Ubuntu Yakkety 4.8 kernels have an excessive amount of kworker threads running, this is especially noticeable on boot, one can easily have > 1000 kworker threads on a 4 CPU box.

Bisected this down to:

commit 81ae6d03952c1bfb96e1a716809bd65e7cd14360
Author: Vladimir Davydov <email address hidden>
Date: Thu May 19 17:10:34 2016 -0700

    mm/slub.c: replace kick_all_cpus_sync() with synchronize_sched() in
kmem_cache_shrink()

[FIX]

The synchronize_sched calls seem to create all these excessive kworker threads. This is fixed with upstream commit:

commit 89e364db71fb5e7fc8d93228152abfa67daf35fa
Author: Vladimir Davydov <email address hidden>
Date: Mon Dec 12 16:41:32 2016 -0800

    slub: move synchronize_sched out of slab_mutex on shrink

    synchronize_sched() is a heavy operation and calling it per each cache
    owned by a memory cgroup being destroyed may take quite some time.

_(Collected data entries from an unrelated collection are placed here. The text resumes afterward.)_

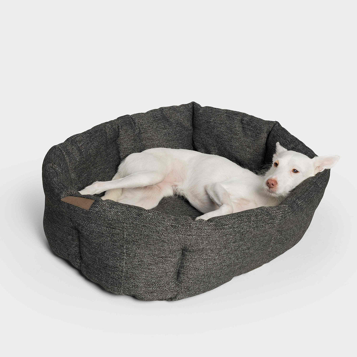 Weiches, ovales Hundekissen Lazy aus robustem Mélange-Material – langlebig und pflegeleicht, ideal für Hunde, die sich gerne einrollen oder anlehnen.
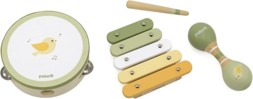 PolarB vaikų muzikos rinkinys siūlo tris spalvingus ir saugius instrumentus mažiesiems muzikos entuziastams. Rinkinyje yra tambūrinas, ksilofonas ir marakasai, kurie skatina klausos gebėjimų ir akių-rankų koordinacijos vystymąsi.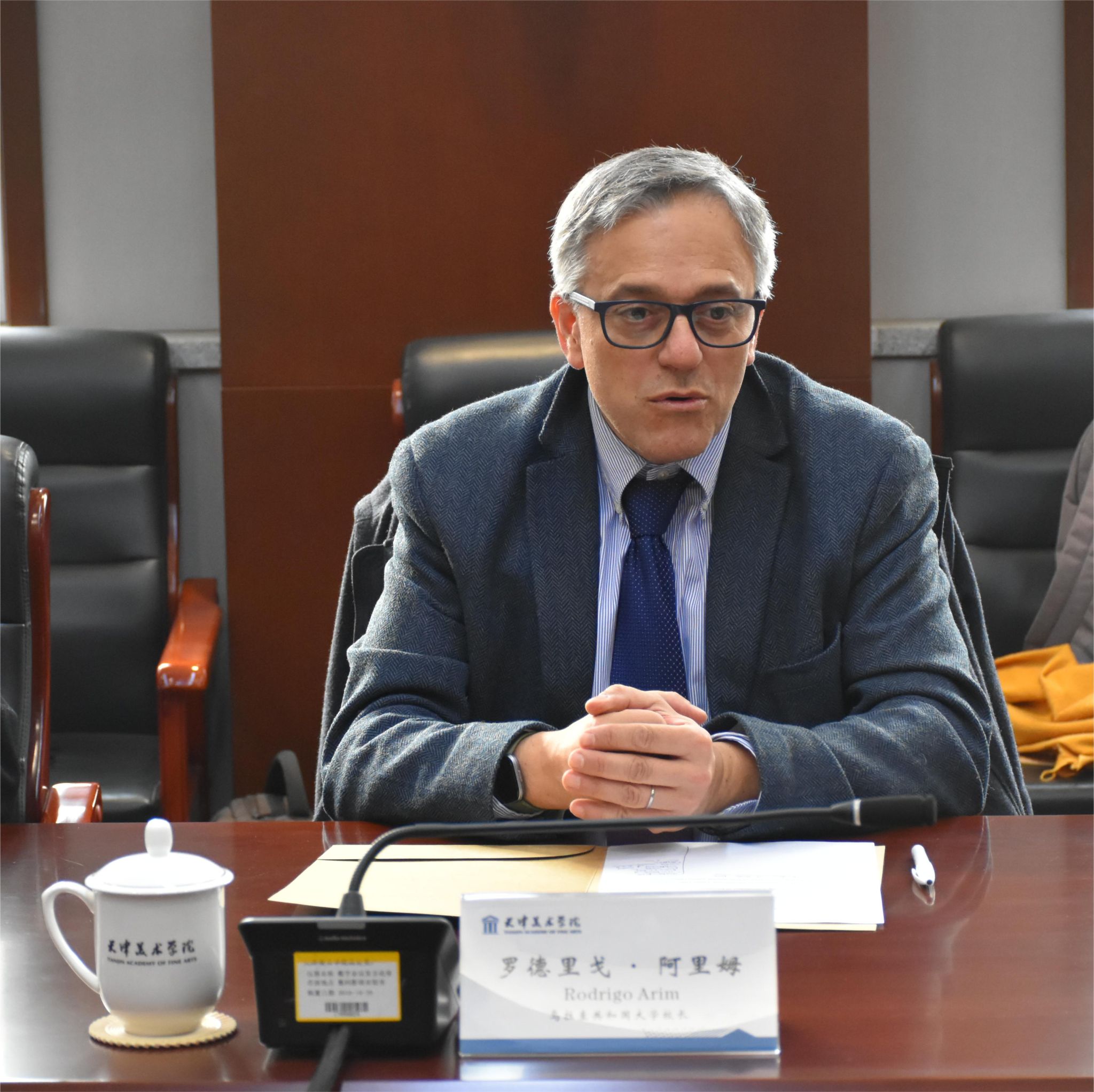 近日,乌拉圭驻华使馆以及乌拉圭共和国大学校长罗德里戈 · 阿里姆 (Rodrigo Arim)代表团一行9人到访beat365中文官网入口,天津市外办相关负责同志陪同访问。副院长寇疆晖会见来宾,国际艺术教育学院院长李通、中国画学院副院长赵栗晖以及国际交流处相关同志参加了会见。

What
    is worse, it's currently called under the slab_mutex, stalling all works
    doing cache creation/destruction.

    Actually, there isn't much point in calling synchronize_sched() for each
    cache - it's enough to call it just once - after setting cpu_partial for
    all caches and before shrinking them. This way, we can also move it out
    of the slab_mutex, which we have to hold for iterating over the slab
    cache list.

[TEST CASE]

Without the fix, boot a Yakkety and count the number of kthreads:

ps -ef | grep kworker | wc -l
1034

With the fix, boot count the number kthreads and it will be dramatically less:

ps -ef | grep kworker | wc -l
32

Since this touches the slub allocator and cgroups too, I have regression tested this against the kernel-team autotest regression tests to sanity check this fix. All seems OK.

Note: this only affects kernels from 4.7-rc1 through to 4.8

CVE References

Changed in linux (Ubuntu):
status: New → In Progress
importance: Undecided → Medium
assignee: nobody → Colin Ian King (colin-king)
Tim Gardner (timg-tpi)
Changed in linux (Ubuntu Yakkety):
assignee: nobody → Colin Ian King (colin-king)
status: New → In Progress
Changed in linux (Ubuntu Zesty):
status: In Progress → Fix Released
Revision history for this message
Doug Smythies (dsmythies) wrote :

I didn't see the third commit mentioned which I thought was also required:

mm: memcontrol: use special workqueue for creating per-memcg caches

Anyway, I'll test also, once kernel 4.10-rc1 is ready.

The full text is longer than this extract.